After Hurricane Katrina, Live Oak was a school directly operated by the RSD. In 2009 about 75% of the fourth graders at the Live Oak Elementary School failed the LEAP test. In 2010 the school had a performance score of "40" which was below the "65" that was the level considered "academically unacceptable." Cindy Chang of The Times-Picayune said former Live Oak Elementary School was performing so poorly that Paul Vallas, the superintendent of the RSD, gave the school to the ReNEW charter management school group, which specialized in taking control of poor performing schools. ReNEW repurposed the school into Batiste Academy. Gary Robichaux, the executive director of ReNEW, had full control over the school's hiring and firing, and he kept 15% of the previous teaching staff and brought younger teachers to replace them.

===Schools===
The Audubon Charter School Upper Campus is located in the Irish Channel.

===Miscellaneous education===
The Japanese Weekend School of New Orleans (ニューオリンズ日本語補習校 Nyū Orinzu Nihongo Hoshūkō), a Weekend Japanese school program, holds its classes at the Waldorf School.

==Notable people==
Many early jazz musicians including Tom Brown, the Brunies brothers, Nick LaRocca, and Tony Sbarbaro lived in the Irish Channel. Prizefighter John L. Sullivan trained in the Irish Channel, since much prizefighting centered in New Orleans in the late 19th century.

"Anti" O'Rourke was a show man who earned his living as a diver, often diving from steamboats on the Mississippi River. He originated the jack-knife dive, which he termed the "Anti Dive".

Francis Xavier Seelos was a Bavaria-born Redemptorist priest who served those stricken by yellow fever in the Irish Channel in 1866/67 and died of the disease.
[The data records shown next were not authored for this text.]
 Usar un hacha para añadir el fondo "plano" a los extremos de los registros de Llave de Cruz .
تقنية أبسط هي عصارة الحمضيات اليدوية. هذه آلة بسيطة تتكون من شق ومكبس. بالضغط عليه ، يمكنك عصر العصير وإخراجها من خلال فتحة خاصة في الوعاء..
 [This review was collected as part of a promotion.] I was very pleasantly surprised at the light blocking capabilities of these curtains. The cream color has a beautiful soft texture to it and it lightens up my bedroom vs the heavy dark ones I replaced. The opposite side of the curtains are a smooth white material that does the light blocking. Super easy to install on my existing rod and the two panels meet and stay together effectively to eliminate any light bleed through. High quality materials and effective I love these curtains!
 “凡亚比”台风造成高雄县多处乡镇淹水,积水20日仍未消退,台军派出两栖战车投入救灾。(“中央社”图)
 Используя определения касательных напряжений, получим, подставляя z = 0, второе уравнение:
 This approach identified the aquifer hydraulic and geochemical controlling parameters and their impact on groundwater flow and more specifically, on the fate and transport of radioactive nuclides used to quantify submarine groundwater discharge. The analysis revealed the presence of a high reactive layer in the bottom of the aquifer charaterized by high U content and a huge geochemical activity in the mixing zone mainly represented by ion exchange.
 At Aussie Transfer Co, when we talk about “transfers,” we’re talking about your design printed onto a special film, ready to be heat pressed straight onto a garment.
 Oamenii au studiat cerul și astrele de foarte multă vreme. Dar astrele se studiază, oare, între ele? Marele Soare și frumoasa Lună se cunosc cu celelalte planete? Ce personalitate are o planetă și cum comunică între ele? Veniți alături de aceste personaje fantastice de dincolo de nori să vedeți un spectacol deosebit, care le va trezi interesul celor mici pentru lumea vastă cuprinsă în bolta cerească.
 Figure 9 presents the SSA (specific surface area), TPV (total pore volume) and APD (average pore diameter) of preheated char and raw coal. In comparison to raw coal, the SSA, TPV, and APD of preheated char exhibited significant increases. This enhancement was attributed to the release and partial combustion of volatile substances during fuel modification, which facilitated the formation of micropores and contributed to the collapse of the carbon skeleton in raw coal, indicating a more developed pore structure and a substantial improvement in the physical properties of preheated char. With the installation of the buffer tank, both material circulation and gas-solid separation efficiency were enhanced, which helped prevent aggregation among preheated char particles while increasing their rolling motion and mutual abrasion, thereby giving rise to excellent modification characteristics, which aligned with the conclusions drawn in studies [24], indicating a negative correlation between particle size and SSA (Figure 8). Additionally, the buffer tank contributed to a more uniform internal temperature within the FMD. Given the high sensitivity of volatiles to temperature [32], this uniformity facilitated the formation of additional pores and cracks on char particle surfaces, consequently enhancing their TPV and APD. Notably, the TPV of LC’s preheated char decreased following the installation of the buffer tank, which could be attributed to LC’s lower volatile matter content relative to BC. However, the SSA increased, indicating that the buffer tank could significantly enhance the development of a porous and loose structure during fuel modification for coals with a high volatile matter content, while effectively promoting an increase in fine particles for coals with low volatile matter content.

He was declared "blessed" by Pope John Paul II and his feast day is celebrated on October 5.

Eleanor McMain was a social activist in the Irish Channel in the early part of the twentieth century, leading Kingsley House to become a center for progressive movements.

Paul Sanchez, singer-songwriter and founding member of Cowboy Mouth, grew up in the Irish Channel.